(Source information)

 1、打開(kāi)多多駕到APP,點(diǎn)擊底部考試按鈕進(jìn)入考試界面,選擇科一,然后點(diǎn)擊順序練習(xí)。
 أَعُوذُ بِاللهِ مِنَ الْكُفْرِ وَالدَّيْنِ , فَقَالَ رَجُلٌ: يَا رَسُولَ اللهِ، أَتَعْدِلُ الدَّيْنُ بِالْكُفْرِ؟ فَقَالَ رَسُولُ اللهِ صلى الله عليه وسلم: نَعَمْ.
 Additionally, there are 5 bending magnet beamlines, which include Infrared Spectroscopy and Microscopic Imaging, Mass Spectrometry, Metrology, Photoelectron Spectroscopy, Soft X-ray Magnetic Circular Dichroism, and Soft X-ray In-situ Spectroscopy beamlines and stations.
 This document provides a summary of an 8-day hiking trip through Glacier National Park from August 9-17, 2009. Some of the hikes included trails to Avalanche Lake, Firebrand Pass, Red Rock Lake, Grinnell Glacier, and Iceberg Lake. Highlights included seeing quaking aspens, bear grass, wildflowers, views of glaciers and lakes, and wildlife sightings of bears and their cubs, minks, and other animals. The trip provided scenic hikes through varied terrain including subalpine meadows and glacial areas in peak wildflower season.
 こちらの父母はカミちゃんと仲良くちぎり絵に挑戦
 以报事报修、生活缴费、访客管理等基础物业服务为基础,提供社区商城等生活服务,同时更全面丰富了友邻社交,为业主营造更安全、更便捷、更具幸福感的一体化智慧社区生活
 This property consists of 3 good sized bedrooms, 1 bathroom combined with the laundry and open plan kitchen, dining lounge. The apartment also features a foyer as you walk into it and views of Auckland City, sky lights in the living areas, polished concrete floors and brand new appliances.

(End Source information)
(Source information)

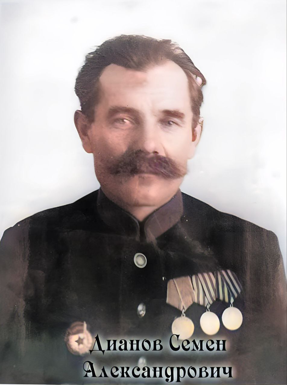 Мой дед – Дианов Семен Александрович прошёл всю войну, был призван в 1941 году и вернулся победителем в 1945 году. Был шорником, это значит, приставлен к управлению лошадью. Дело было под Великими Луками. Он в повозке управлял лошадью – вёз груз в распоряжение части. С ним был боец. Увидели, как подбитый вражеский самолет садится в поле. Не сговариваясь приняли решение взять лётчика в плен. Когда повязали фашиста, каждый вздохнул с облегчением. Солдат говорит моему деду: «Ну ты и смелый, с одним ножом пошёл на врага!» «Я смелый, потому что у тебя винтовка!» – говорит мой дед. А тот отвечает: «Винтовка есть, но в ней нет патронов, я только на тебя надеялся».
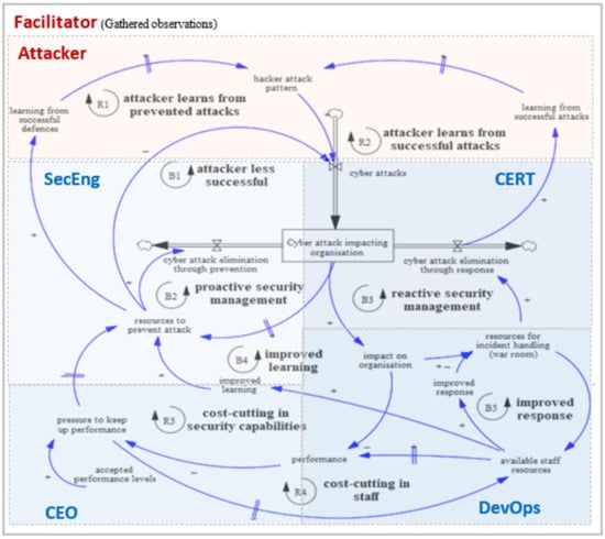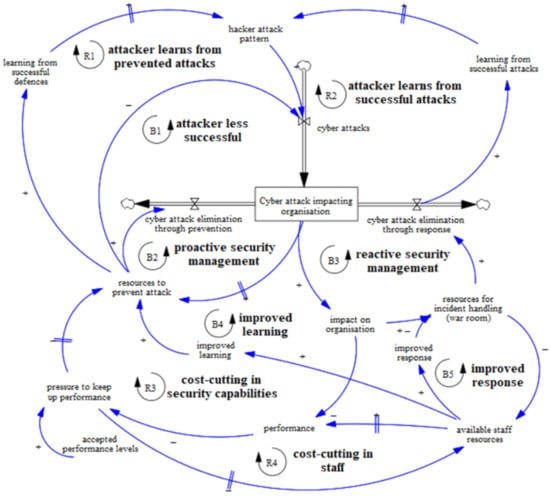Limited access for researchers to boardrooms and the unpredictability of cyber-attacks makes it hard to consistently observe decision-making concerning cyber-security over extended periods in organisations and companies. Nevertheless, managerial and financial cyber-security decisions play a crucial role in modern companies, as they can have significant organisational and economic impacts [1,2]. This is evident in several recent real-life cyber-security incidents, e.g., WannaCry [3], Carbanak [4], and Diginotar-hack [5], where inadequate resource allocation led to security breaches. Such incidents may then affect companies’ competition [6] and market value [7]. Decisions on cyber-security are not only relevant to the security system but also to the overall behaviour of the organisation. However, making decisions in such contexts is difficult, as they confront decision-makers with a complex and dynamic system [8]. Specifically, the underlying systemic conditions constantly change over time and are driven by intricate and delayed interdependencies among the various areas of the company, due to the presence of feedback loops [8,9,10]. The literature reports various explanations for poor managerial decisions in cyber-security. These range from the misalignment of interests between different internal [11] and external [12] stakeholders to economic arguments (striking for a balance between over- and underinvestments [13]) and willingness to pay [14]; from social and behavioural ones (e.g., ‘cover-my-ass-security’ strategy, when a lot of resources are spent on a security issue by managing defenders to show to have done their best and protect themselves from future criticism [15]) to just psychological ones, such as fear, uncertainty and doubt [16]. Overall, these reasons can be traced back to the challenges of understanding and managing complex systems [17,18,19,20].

(End Source information)

Task to complete — Say how many lines of the data hold the word "views", and leave out everything but the number.

Result — 2